Desde CDMX.

Siempre que visito otro país, observo cómo funcionan las cosas. Estuve seis días en CDMX, así llaman hoy a lo que antes era “El DF” ampliado a otras zonas y me llamaron la atención los siguientes aspectos.

Primero, que el tráfico es más ordenado y menos caótico en relación con los adelantamientos bruscos por la derecha y por la izquierda, los vehículos se mantienes en su carril y no sobrepasan los 50 Km/h, son respetuosos con los peatones y estos respetan los semáforos. Lo podía apreciar desde la altura del piso de hotel en el Paseo la Reforma y caminando tranquilamente por las calles. El transporte público por Metrobús, con buses extra largos de dos pisos, como los de Londres, que siempre circulan por su carril, solo se puede utilizar con tarjetas prepago, los espacios para los motoristas son amplios y cómodos, varias filas de asientos atrás están pintadas de color rosa, previstas para mujeres y niños. Muchos tienen un cartel que dice, “Soy eléctrico” y se nota la suavidad con la que arrancan y frenan y nunca se pasan un semáforo en rojo. Los pasajeros disponen en todas las paradas de máquinas para recargar las tarjetas.

Por las distancias tan largas, CDMX sigue siendo la ciudad más grande del mundo, con más de 22 millones de habitantes, utilicé UBER para mis desplazamientos puerta a puerta y me llamó la atención que los motoristas eran señores mayores 55 años. Le pregunté al que me llevó al aeropuerto y me explicó que ellos trabajan para una compañía afiliada a la plataforma, que tienen solo vehículos eléctricos, en los que el pasajero tiene que utilizar el cinturón de seguridad, pues si no lo hace, él no puede acelerar después de tres minutos de iniciado el recorrido. Añadió que él es ingeniero de sistemas, pero por su edad no encuentra trabajo en su especialidad. ¡Ojo colegas ingenieros!

Visité los lugares más conocidos, como el Teatro de Bellas Artes, la Plaza del Zócalo, La Catedral, la Basílica de la Virgen de Guadalupe y observé la inmensa cantidad de turistas extranjeros. México, EEUU, Francia y España, desde hace 40 años forman parte de los países destino del turismo mundial, pues en cualquier lugar se escucha inglés, francés, alemán y otros idiomas.
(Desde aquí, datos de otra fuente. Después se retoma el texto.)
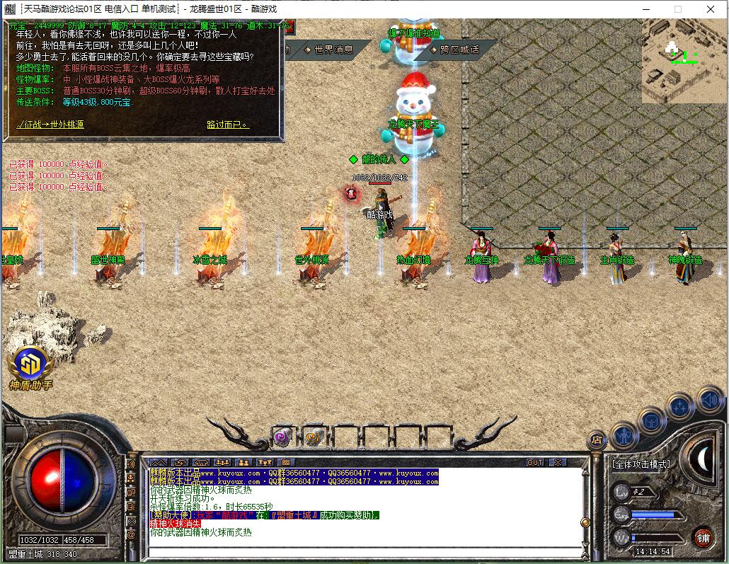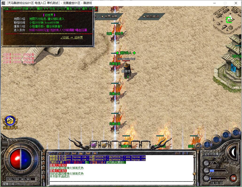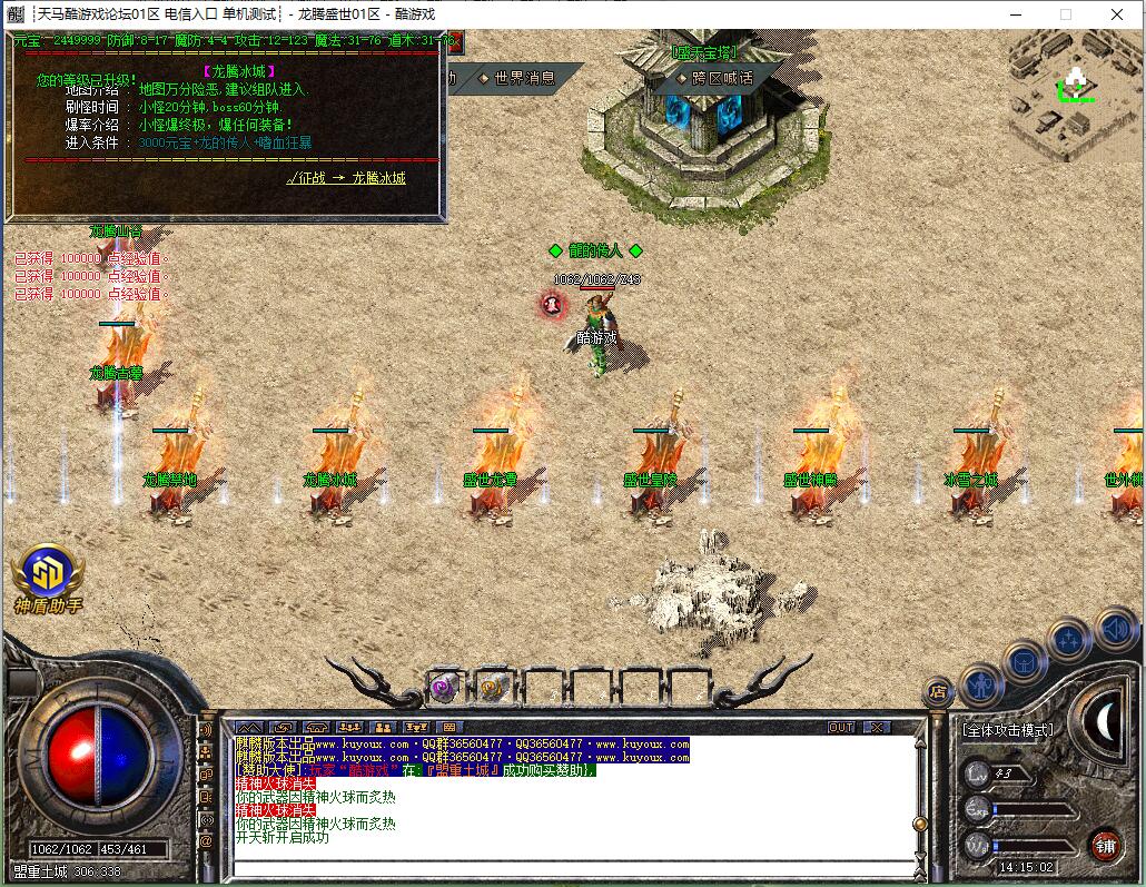 等这两个地图没有怪后,差不多有了流星火雨,就可以去龙腾皇城群怪,或回冰城和古墓打前期不能圣言的怪。等级达到要求后,按等级进入相应地图,或直接进入狂暴地图和时装地图用流星火雨群怪。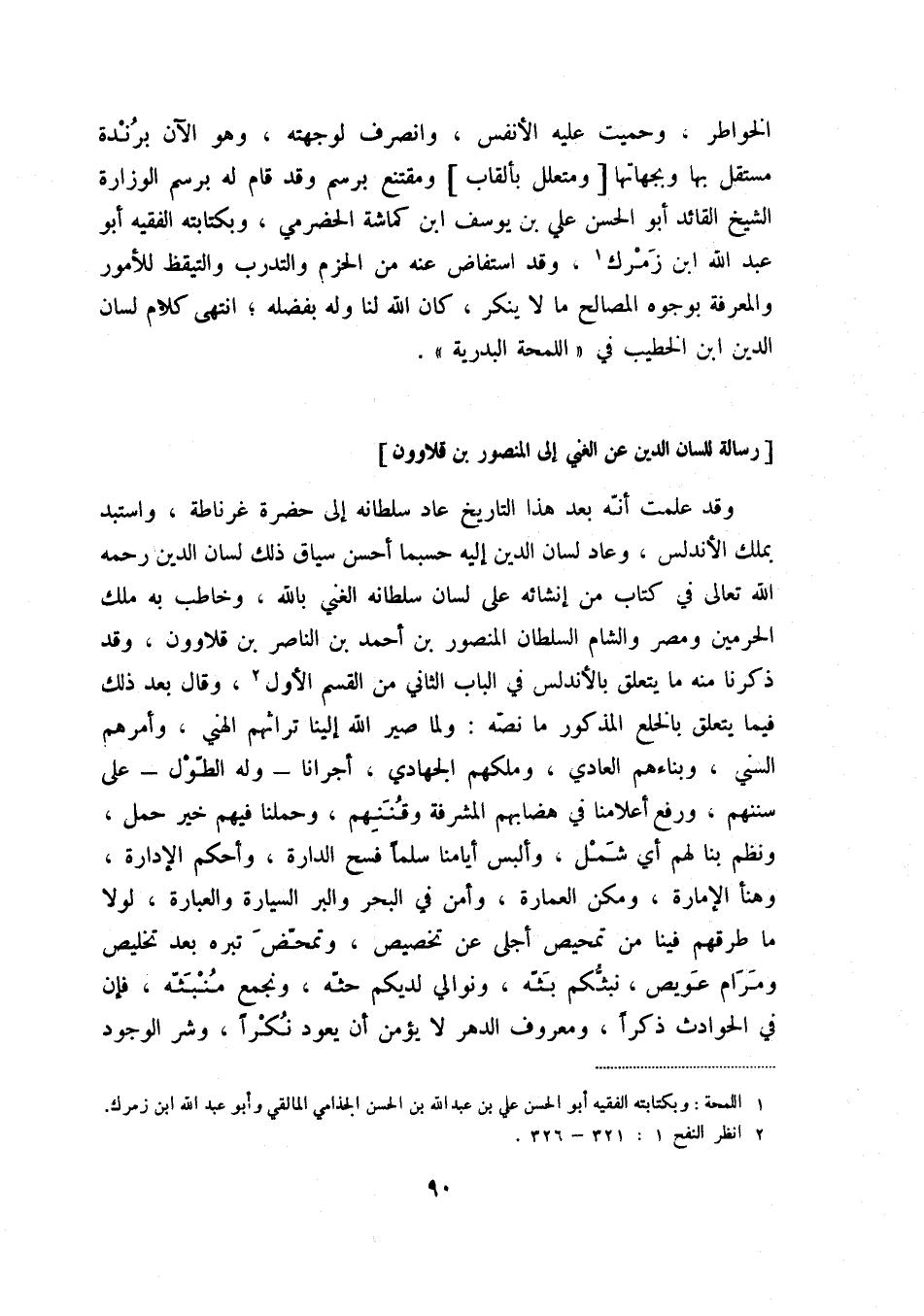 [رسالة للسان الدين عن الغني إلى المنصور بن قلاوون]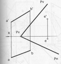 Упражнение 5. Задача 1. Через точку Е проведите два отрезка прямых, параллельных плоскости Р; отрезок ЕС общего положения произвольной длины и отрезок ЕМ произвольной длины, параллельный профильной плоскости проекций. Определите, параллелен или нет отрезок АВ в плоскости Р.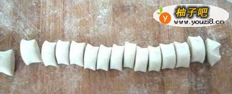 2制作耳朵:将面搓成像拇指粗细一样的长条,切成1公分宽的小面块,用大拇指在面板上摁住小面块朝前上方用力一搓便成,如图。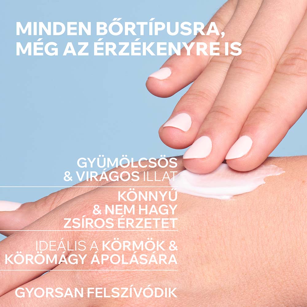 Kirepedezett, irritált, vörösödő kezekre is ajánlott. A száraz megviselt bőrt puhává, kellemes illatúvá, ellenállóbbá és védettebbé teszi a káros külső hatásokkal szemben. Azonnal felszívódik, nem olajos, nem ragad.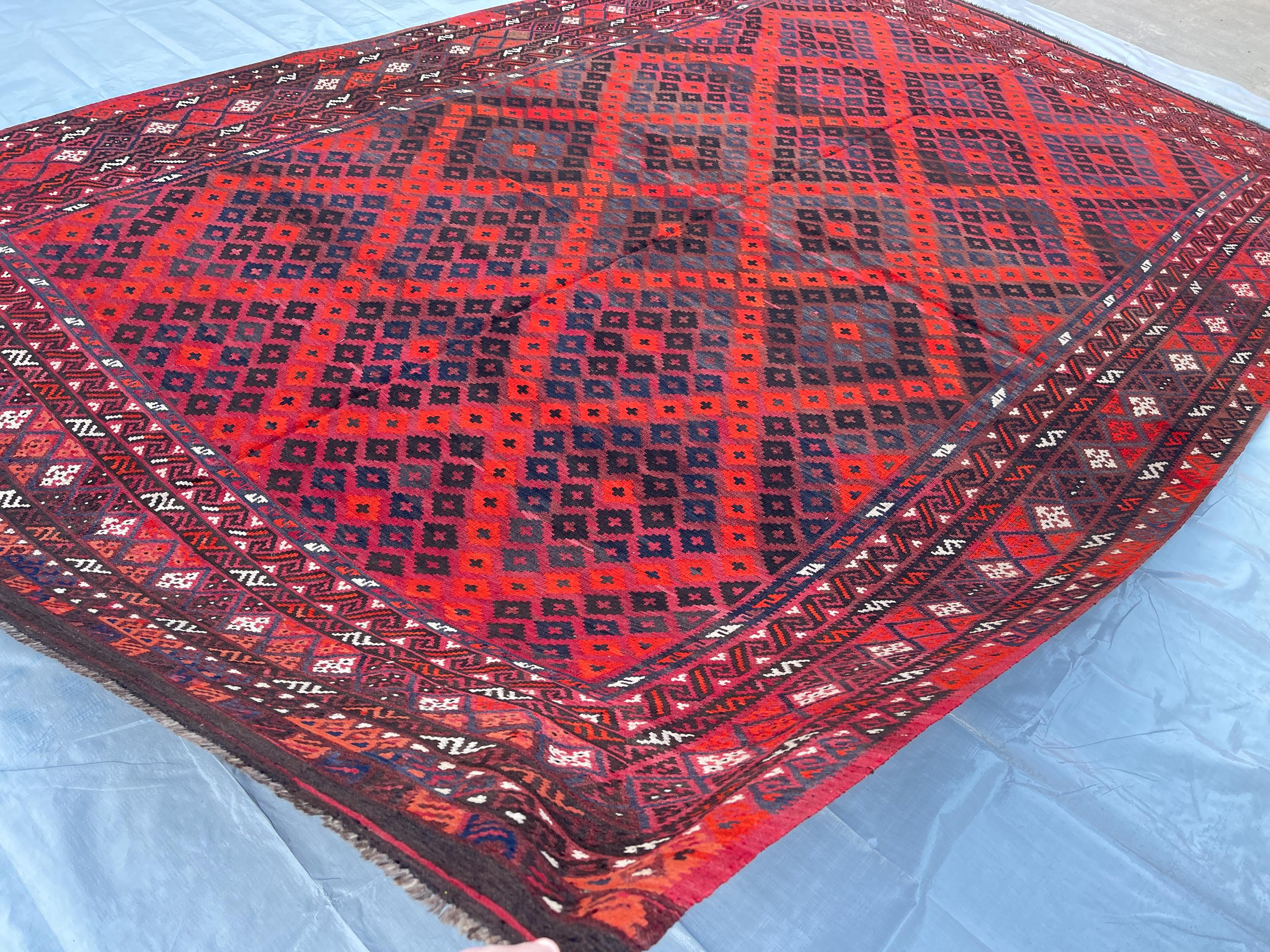 9x15 Antique Afghan 1980s GENUINE Vintage Tribal Rug - Traditional Handmade Wool Rug 9.3x14.10 ft - Rugs for Hall - Living Room 282x451 cm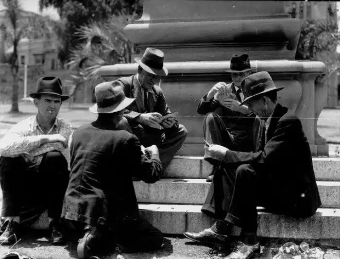 13. 1942 год. Мужчины прыгают на лыжах с трамплина в горах Нового Южного Уэльса, Австралия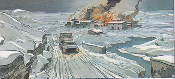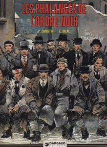 remarques: | un des meilleurs albums socio-politiques avec "partie de chasse", conçus par le tandem Bilal-Christin épopée de terrorisme; 40 ans après, un groupe d'anciens camarades socialistes (brigade internationale) ayant participé à la guerre civile espagnole reprennent du service pour venger une action terroriste d'anciens phalangistes fascistes (les phalanges de l'ordre noir) >> p. 15 la bande des "démocrates", une belle collection d'asthmatiques, de cacochymes (santé déficiente), de rhumatisants perclus et de vieilles viandes bouffées par le cholestérol >> p. 31 le groupe des neuf anciens en marche >> p. 39 la bondieuserie lors de leur itinéraire, de nombreux cadavres restent sur le chemin depuis l'Espagne, puis Rome, Genève avec visite aux autonomistes jurassiens, Heidelberg, Amsterdam, Paris et retour à Madrid où le règlement final aura lieu >> p. 57 la RTS (radio television suisse) et le passage à la douane bâloise >> p. 60 le Viking Jugend, un petit groupe neo-nazi le bilan sera toutefois assez lourd tant de part et d'autre, seuls Pritchard le journaliste et Maria l'écrivain échapperont à la mort >> un excellent graphisme mais surtout un scenario de 80 pages avec un texte sublime, intense et émouvant, la couverture de l'album montre le groupe de camarades dans leur jeunesse Information la quatrième collaboration entre Christin et Bilal, après la croisière des oubliés (1975), le vaisseau de pierre (1976), et la ville qui n'existait pas (1977), donne cette bande dessinée politique dont les racines sont la guerre civile espagnole les ennemis d’hier reprennent la lutte quelques dizaines d’années plus tard, mais les idéologies n’ont plus la même vérité, aux nostalgiques de l’ordre fasciste, des "démocrates" vont s’opposer une fois de plus par la violence, adossée à l’Histoire, cette poursuite à mort est l’occasion de poser des questions sur certains systèmes politiques et leur persistance ainsi que sur l'usage de la violence à des fins politiques, la fin apocalyptique est une réponse en forme d’impasse n.b. voir aussi partie de chasse qui traite de la dégénérescence du système soviétique |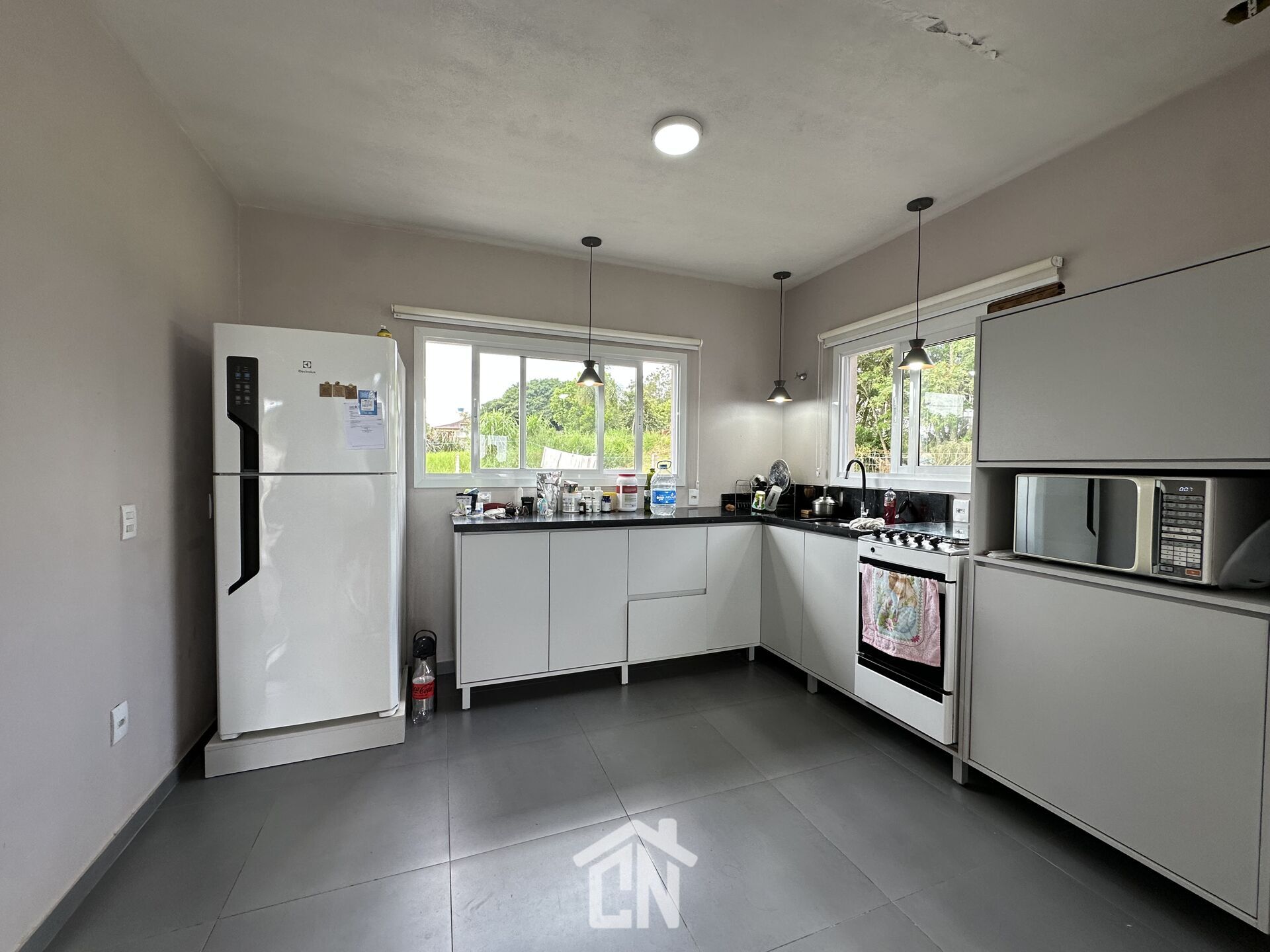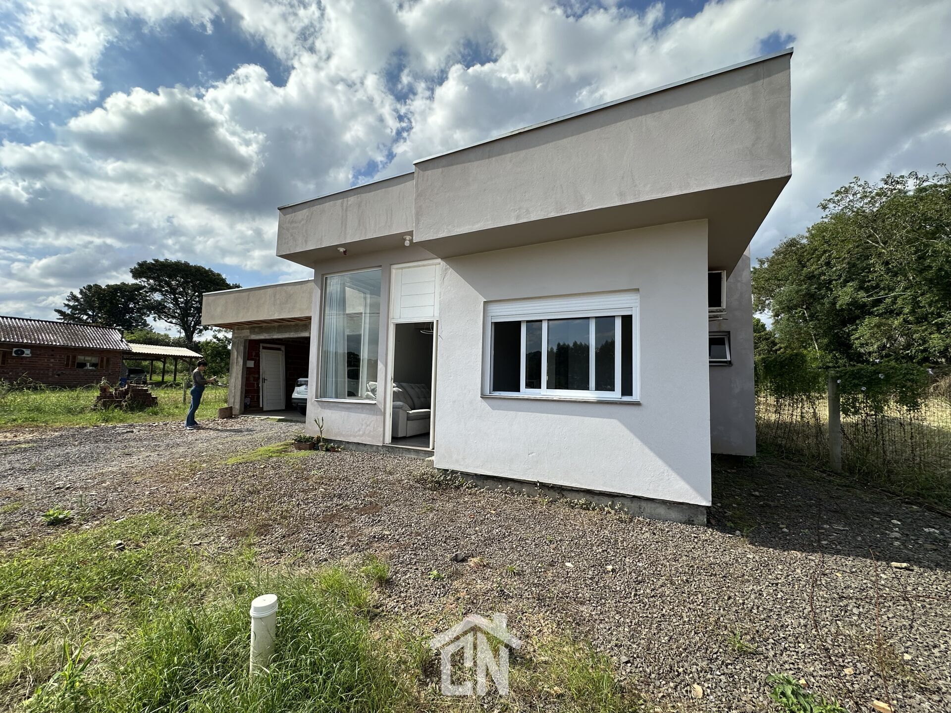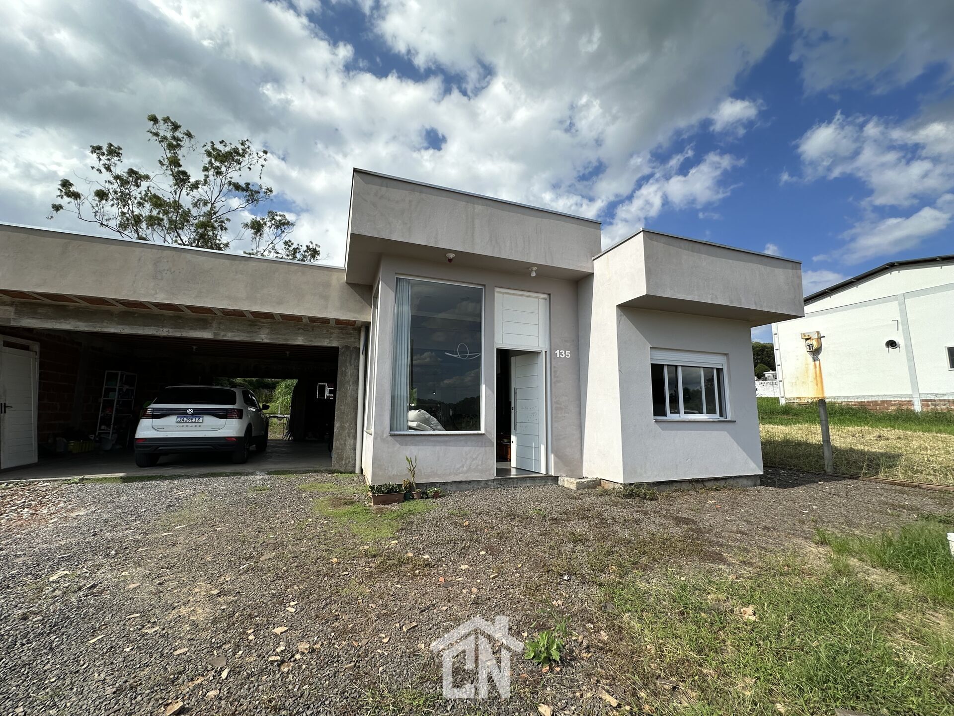 Sala e cozinha integrados, 2 dormitórios, banheiro social, garagem coberta para 2 carros, lavanderia.

Leí en el Periódico de Economía, que las exportaciones de México a la Unión Europea siguen creciendo y conversando con personas ligadas a la consultoría y a la certificación internacional, me comentaron que en México, aunque la formación continua es obligatoria, las empresas la realizan por su propio interés para potenciar la aceptación en la Unión Europea del distintivo, “Hecho en México” y que existen unas dos mil entre empresas y organismos certificados internacionalmente.

Si tiene previsto visitar México, considere que la ciudad está unos 1500 metros más alto que San Salvador, que el clima es más frío y mejor lleve medicamentos para los resfriados, pues la suma del cambio de tiempo, la presión atmosférica, la altura y la polución le pueden afectar. Asegúrese de la reservas en los hoteles, para que no le cobren más, por problemas de comunicación entre las plataformas de reserva y las cadenas hoteleras o por errores de los empleados.

Lo único que no me gustó, es que media hora antes de abordar el vuelo de regreso, nos comunican que el vuelo de Avianca 431, se cancela, por un “impacto de aves”. Que vayamos al mostrador F3 y después de las carreras y las colas, sin mayores explicaciones, solo entregan un nuevo pase de abordar para el siguiente día. Los gastos adicionales, son responsabilidad de cada uno, pues la cancelación no es por causas de la empresa. Al preguntar al día siguiente en el mostrador me dijeron, que la cancelación fue por “razones climatológicas” ¿Cierto o no, ahí queda la duda?

En suma, seis días interesantes de los que mejor, recordar solo lo bueno.

Pedro Roque
Todo es más fácil y más sencillo con sentido común.